WHAT YOU SHOULD DO:
Quote the data below in full, minus the images.

COLLECTED DATA:
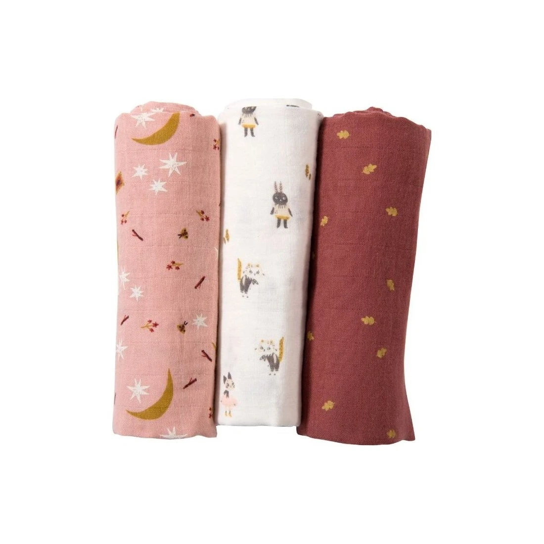 Le set de 3 langes de la collection de Moulin Roty est un coffret composé de illustrés aux couleurs de la gamme.
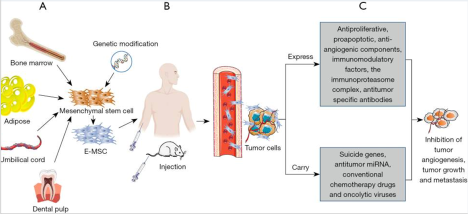 Tại Hoa Kỳ, sự phát triển thành công của tế bào CAR-T (chimeric antigen receptor T cells) báo trước sự xuất hiện của kỷ nguyên thuốc gen và tế bào cũng như phương pháp chữa trị khối u. Liệu pháp tế bào CAR-T đã tạo ra những kết quả trong điều trị một số bệnh ác tính về huyết học. Những bệnh nhân đầu tiên mắc bệnh bạch cầu tế bào B tái phát hoặc kháng trị được điều trị bằng tế bào CAR-T nhắm mục tiêu CD19 đã cho thấy phản ứng thuận lợi. Vì vậy, liệu pháp tế bào CAR-T mang lại sự lạc quan ở một số bệnh nhân có khối u ác tính về huyết học tái phát và khó chữa. Liệu pháp tế bào CAR-T đã được FDA phê duyệt vào năm 2017 để điều trị TẤT CẢ và điều trị ung thư hạch tế bào B lớn lan tỏa ở Hoa Kỳ. FDA cũng đã nhận được sự chấp thuận cho việc sử dụng liệu pháp tế bào CAR-T để điều trị ung thư hạch tế bào vỏ vào năm 2020 và đa u tủy vào năm 2021. Tuy nhiên, hầu hết bệnh nhân có khối u ác tính tế bào B được phát hiện tái phát trong vòng 1 đến 2 năm sau khi điều trị bằng tế bào CAR-T. Các cơ chế phổ biến liên quan đến tái phát sau điều trị bằng tế bào CAR-T bao gồm mất kháng nguyên khối u, cạn kiệt tế bào T và ức chế miễn dịch của vi môi trường khối u (TME). Hơn nữa, có nhiều trở ngại ngăn cản việc sử dụng liệu pháp miễn dịch tế bào CAR-T trong điều trị khối u rắn. Do đó, việc nghiên cứu các loại thuốc gen và tế bào hiệu quả hơn để điều trị ung thư, đặc biệt đối với các khối u rắn, là rất cần thiết và MSC có thể là một lựa chọn lý tưởng.
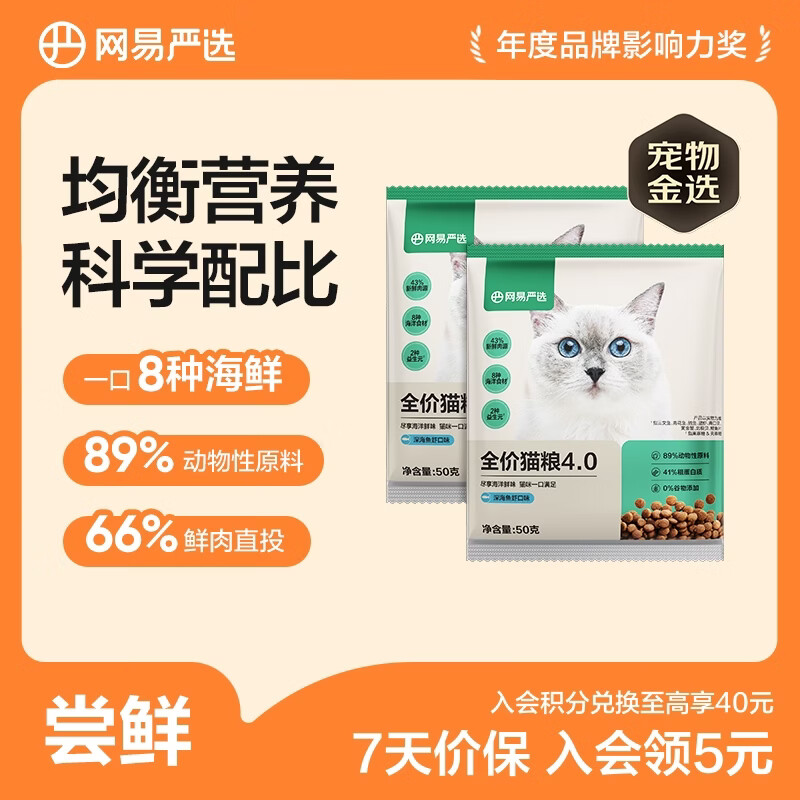 网易严选猫粮【推荐】全价猫粮 幼猫成猫主粮猫咪食品 一口9种肉 【4.0进阶款】深海鱼虾口味 50g*4袋
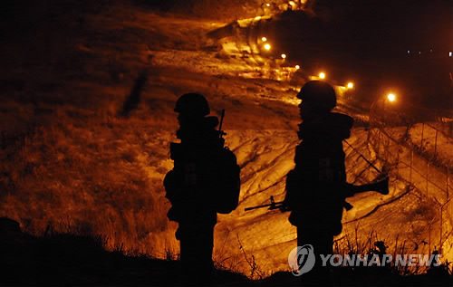| △ 저물어 가는 휴전선의 밤 (철원=연합뉴스) 이해용 기자 = 연말을 맞아 강원 철원군 중부전선에서 육군 6사단 병사가 순찰로를 이동하고 있다. 2014.12.25 dmz@yna.co.kr |

ANSWER:
 Le set de 3 langes de la collection de Moulin Roty est un coffret composé de illustrés aux couleurs de la gamme.
 Tại Hoa Kỳ, sự phát triển thành công của tế bào CAR-T (chimeric antigen receptor T cells) báo trước sự xuất hiện của kỷ nguyên thuốc gen và tế bào cũng như phương pháp chữa trị khối u. Liệu pháp tế bào CAR-T đã tạo ra những kết quả trong điều trị một số bệnh ác tính về huyết học. Những bệnh nhân đầu tiên mắc bệnh bạch cầu tế bào B tái phát hoặc kháng trị được điều trị bằng tế bào CAR-T nhắm mục tiêu CD19 đã cho thấy phản ứng thuận lợi. Vì vậy, liệu pháp tế bào CAR-T mang lại sự lạc quan ở một số bệnh nhân có khối u ác tính về huyết học tái phát và khó chữa. Liệu pháp tế bào CAR-T đã được FDA phê duyệt vào năm 2017 để điều trị TẤT CẢ và điều trị ung thư hạch tế bào B lớn lan tỏa ở Hoa Kỳ. FDA cũng đã nhận được sự chấp thuận cho việc sử dụng liệu pháp tế bào CAR-T để điều trị ung thư hạch tế bào vỏ vào năm 2020 và đa u tủy vào năm 2021. Tuy nhiên, hầu hết bệnh nhân có khối u ác tính tế bào B được phát hiện tái phát trong vòng 1 đến 2 năm sau khi điều trị bằng tế bào CAR-T. Các cơ chế phổ biến liên quan đến tái phát sau điều trị bằng tế bào CAR-T bao gồm mất kháng nguyên khối u, cạn kiệt tế bào T và ức chế miễn dịch của vi môi trường khối u (TME). Hơn nữa, có nhiều trở ngại ngăn cản việc sử dụng liệu pháp miễn dịch tế bào CAR-T trong điều trị khối u rắn. Do đó, việc nghiên cứu các loại thuốc gen và tế bào hiệu quả hơn để điều trị ung thư, đặc biệt đối với các khối u rắn, là rất cần thiết và MSC có thể là một lựa chọn lý tưởng.
 网易严选猫粮【推荐】全价猫粮 幼猫成猫主粮猫咪食品 一口9种肉 【4.0进阶款】深海鱼虾口味 50g*4袋
| △ 저물어 가는 휴전선의 밤 (철원=연합뉴스) 이해용 기자 = 연말을 맞아 강원 철원군 중부전선에서 육군 6사단 병사가 순찰로를 이동하고 있다. 2014.12.25 dmz@yna.co.kr |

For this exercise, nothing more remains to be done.